What is a Capital Blockade

A capital blockade is an economic sanction that limits or prevents investment capital from flowing offshore from a country to be used for possibly questionable purposes.

Breaking Down Capital Blockade

A capital blockade may be imposed by a country or group of countries to hamper economic growth of the sanctioned country to pressure it to resolve differences by negotiations. Such sanctions may be an effective and relatively peaceful way to return to the bargaining table without escalation to armed conflict. A capital blockade may be combined with freezing foreign bank accounts that belong to the target country's citizens to add pressure.

Economic sanctions are the withdrawal of customary trade and financial relations for foreign and security policy purposes. They may be comprehensive, prohibiting commercial activity with an entire country, or they may be targeted, blocking the transactions of and with specific businesses, groups, or individuals. Since 9/11, there has been a shift toward targeted sanctions, which aim to minimize the effects on civilians. Sanctions take many forms, including travel bans, asset freezes, arms embargoes, capital restraints, foreign aid reductions, and trade restrictions.

Economic Sanctions Explained

National governments and international governing bodies such as the United Nations and European Union have imposed economic sanctions to coerce, deter, punish, or shame entities that endanger their interests or violate international norms. They have been used to advance foreign policy goals including counterterrorism, counternarcotics, nonproliferation, democracy and human rights promotion, conflict resolution and cybersecurity.

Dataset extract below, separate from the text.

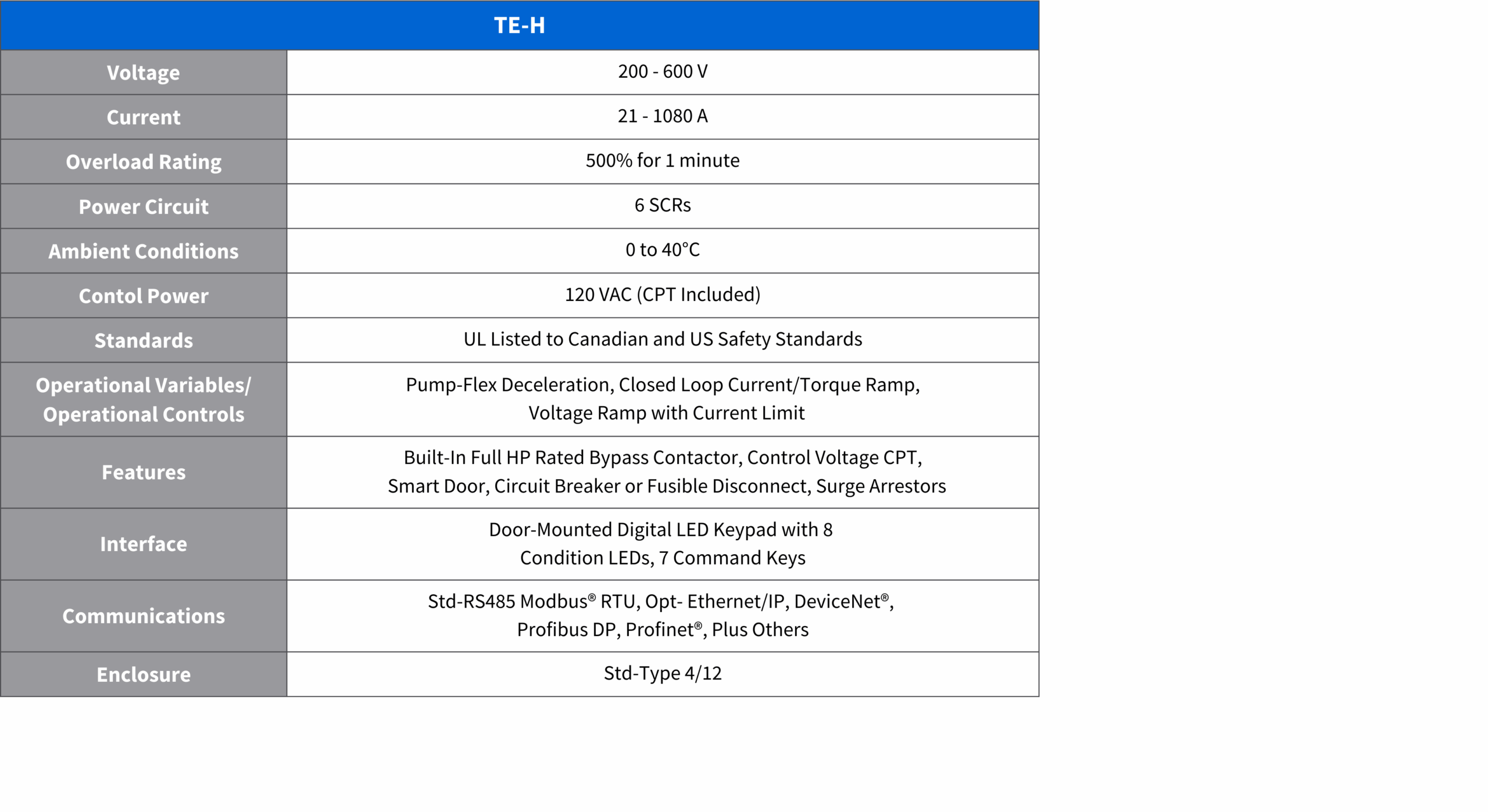 The TE-H Series from Toshiba is a versatile and robust solution for industrial applications. It combines the performance of Toshiba’s TE2 Series Solid State Starter within a heavy-duty enclosure, which provides reliable soft starting, motor and load protection, and flexible control options. Ready to use right out of the box, the TE-H Series simplifies installation. It is ideal for pumps, fans, blowers, and conveyors with closed-loop torque/current ramping for smooth acceleration and for compressors and chillers with voltage ramping and current limiting for efficient starts in limited power conditions.
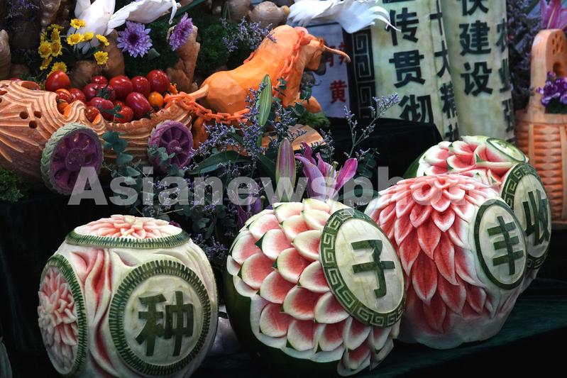 11月12日,在广西一家现代农业科技公司的展台拍摄的用果蔬雕刻的作品。

Sanctions generally are viewed as a lower-cost, lower-risk, middle course of action between diplomacy and war. Policymakers may consider sanctions as a response to foreign crises where the national interest is minor or where military action is not feasible. Leaders may issue sanctions while they evaluate more serious action.

Usually, economic sanctions prohibit only a home country’s or region’s corporations and citizens from doing business with a blacklisted entity. Extraterritorial sanctions, also called secondary sanctions or a secondary boycott, are designed to restrict the economic activity of governments, businesses, and nationals of third countries. Many governments consider these sanctions a violation of their sovereignty and international law.

Sanction results vary by case. Sanctions with relatively limited objectives are more likely to succeed than those with major political ambitions. Sanctions may evolve. For example, except for a brief period in the 1980s, Washington has had sanctions on Tehran since U.S. hostages were taken in 1979. But the scope and logic of the sanctions has changed. The utility of sanctions is more important than whether they achieve their objectives. In some cases, sanctions may just be intended to express censure.